Worüber denken Männer am Meer nach, wenn sie auf die Weite der Wogen schauen? Versuchen sie, mit sich und ihrem Leben auf dem Land ins Reine zu kommen? Oder zieht es sie voller Sehnsucht und zivilisatorisch unterdrückter Abenteuerlust zumindest gedanklich in die große Ferne hinaus? Spüren sie das archaische Gefühl vom Kampf der Elemente, geheim vererbt über Jahrtausende? Oder wird ihnen der Kopf frei vom Alltagstrott, und sie entwickeln Relativitätstheorien, kategorische Imperative und neue Gesellschaftsmodelle in der gelösten Stimmung des schwebenden Geistes?
Die Probe aufs Exempel, Selbstversuch. Ich ziehe die pitschnasse Hose aus und breite sie auf einem Stein in der Sonne aus. Dann schaue ich aufs Meer. Die Wellen kommen herein, und ich frage mich bei jeder neuen, ob sie wohl den Fuß des Steins erreichen wird. Dann ziehe ich das T-Shirt auch noch aus, es ist heiß in der Sonne. Ich finde zwei Schilfrohre, die ich abwechselnd wie Speere aufs Meer hinausschleudere. Und das Meer apportiert sie mir jedesmal wieder zurück an den Strand. So vergeht die Zeit. Und mir ist noch nicht einmal langweilig. Bin ich der einzig schlichte Mann, der sich allein am Meer nicht viel anders verhält als ein Elfjähriger?
Als die Hose wieder trocken ist, beschließe ich, am Meer entlang nach Anzio zu gehen. Um Mittag zu essen. Und um zu sehen, was die anderen Männer am Meer so machen.
Der erste Mann, den ich sehe, kommt mir zu Fuß mit einem Neoprenanzug entgegen. “Puh”, meint er, “ganz schön warm!” Der zweite Mann ist wesentlich jünger. Er hat einen Ghettoblaster dabei (so nannte man das in meiner Generation), aus dem Rapmusik tönt, und er übt auf einer Art Trampolin einen Überschlag.

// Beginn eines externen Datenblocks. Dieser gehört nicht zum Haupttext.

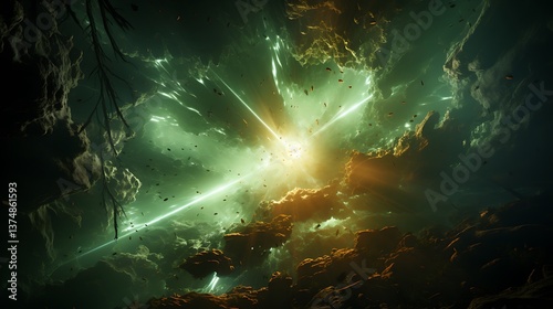Celestial Convergence: A Symphony of Green and Gold in the Cosmos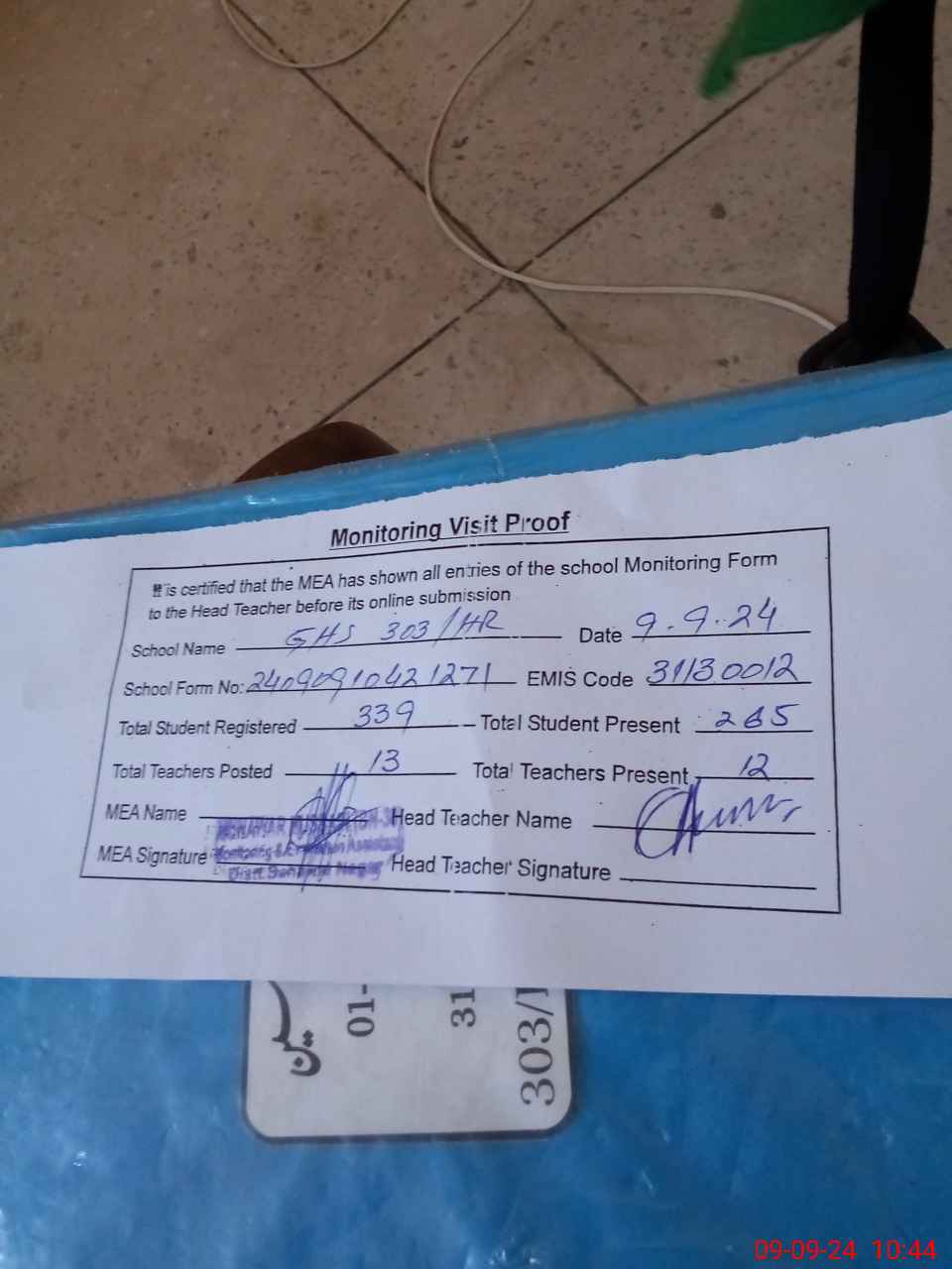 | EMIS Code: 31130012 | Name of School: GHS CHAK 303/HR | |||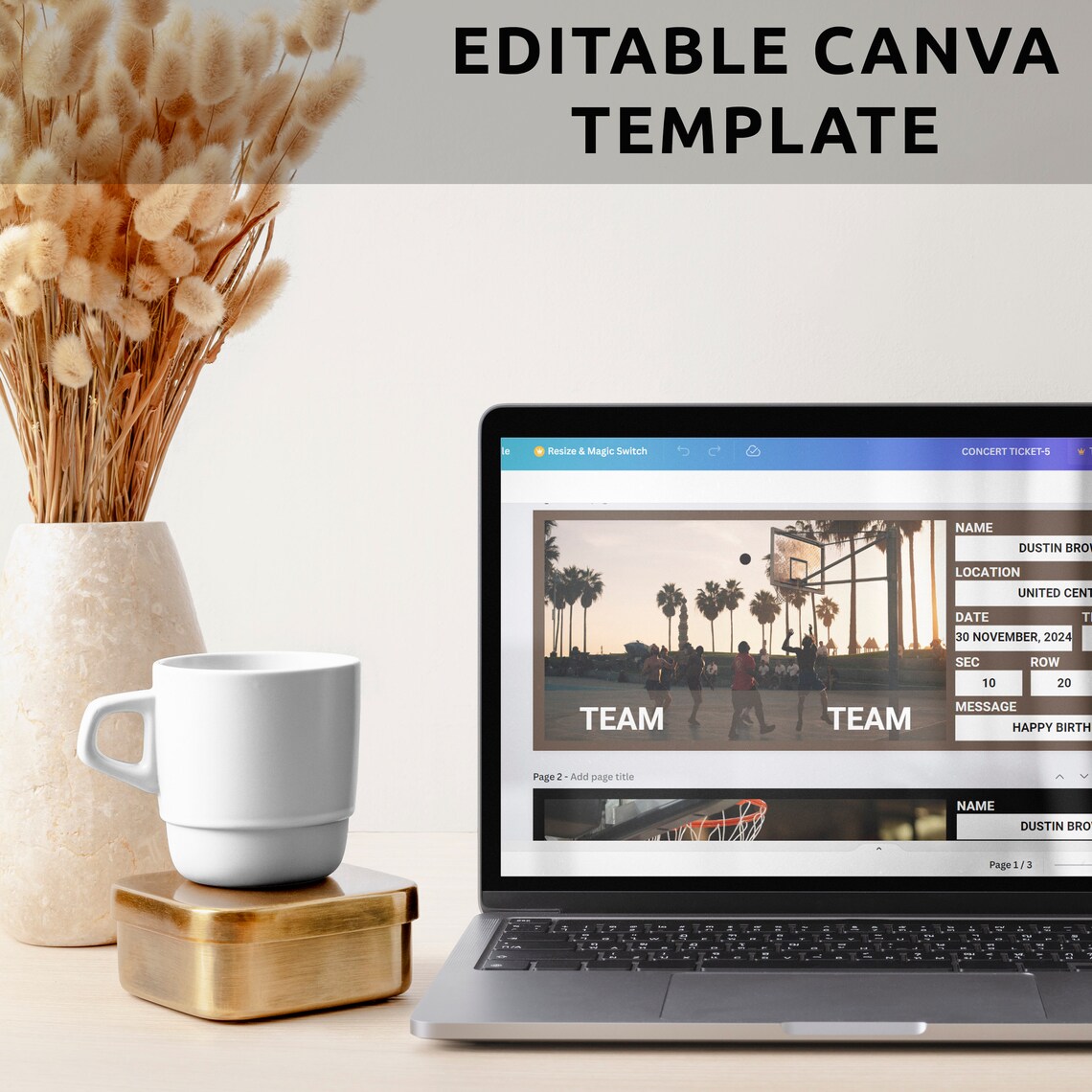 Printable Basketball Tickets Canva Template Editable NBA Basketball
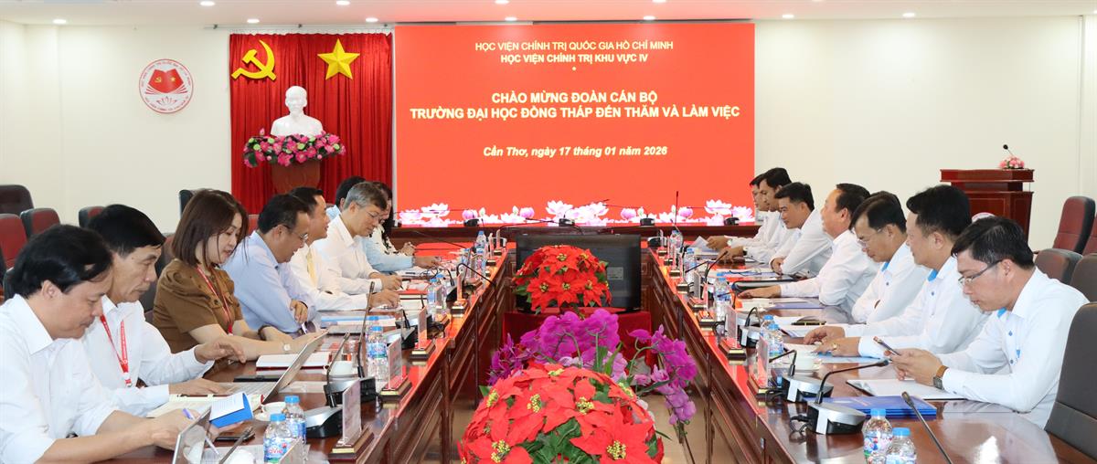 (HCMA4) – Sáng ngày 17/01/2026, tại Thành phố Cần Thơ, Học viện Chính trị khu vực IV đã có buổi làm việc với Trường Đại học Đồng Tháp nhằm trao đổi, thảo luận các nội dung hợp tác giữa hai đơn vị trong thời gian tới.

Die nächsten Männer stehen gestaffelt auf einem Parkplatz und blicken aufs Meer. Das heißt, die Männer sitzen, und zwar in ihren Autos. Alle haben die Fenster heruntergekurbelt, alle scheinen ein bisschen zu sinnieren, einer hört Schlager im Autoradio. Draußen im Meer, am Meer und auf der Mole stehen noch mehr Männer. Sie angeln. Einen Fisch an der Angel kann ich nicht entdecken.
Zwei Männer kommen den Strand entlang gelaufen und unterhalten sich währenddessen. Es sind die ersten Männer, die miteinander sprechen. Ein spazierengehender Mann bleibt hingegen hinter einem Angler stehen, schaut und schweigt. Der Angler schweigt auch.
Beim Blick auf die Häuserfront am Strand fällt mir auf, dass es hier im Sommer ganz anders sein muss. Alle Fenster sind verschlossen, kein Mensch ist zu sehen. Ein rostiges Fahrrad steht einsam an einem Masten, an dem sonst vermutlich eine Fahne weht. Als am Ende des Strandes zwischen Meer und Häusern kein Platz mehr ist, möchte ich hoch in den Ort. Aber es geht nicht. Sämtliche Tore sind geschlossen, die Aufgänge versperrt. Ich muss wieder umdrehen und denke dabei an Paul Theroux, der auch einmal im Winter eine Reise rund ums Mittelmeer unternommen hat und ebenfalls von solch verschlossenen Trutzburgen berichtete.
Es ist ein seltsames Gefühl. Alles, was auf dem Land mit Sommer, Sonne, Meer und Menschen zu tun hat, ist verwaist. Wenn ich hingegen nach draußen blicke, dann ist da die Sonne, dann ist da das Meer. Und es sieht genauso aus wie sonst. Auch im Winter ist das Meer wunderschön, und immer gibt es wieder eine Wolkenlücke.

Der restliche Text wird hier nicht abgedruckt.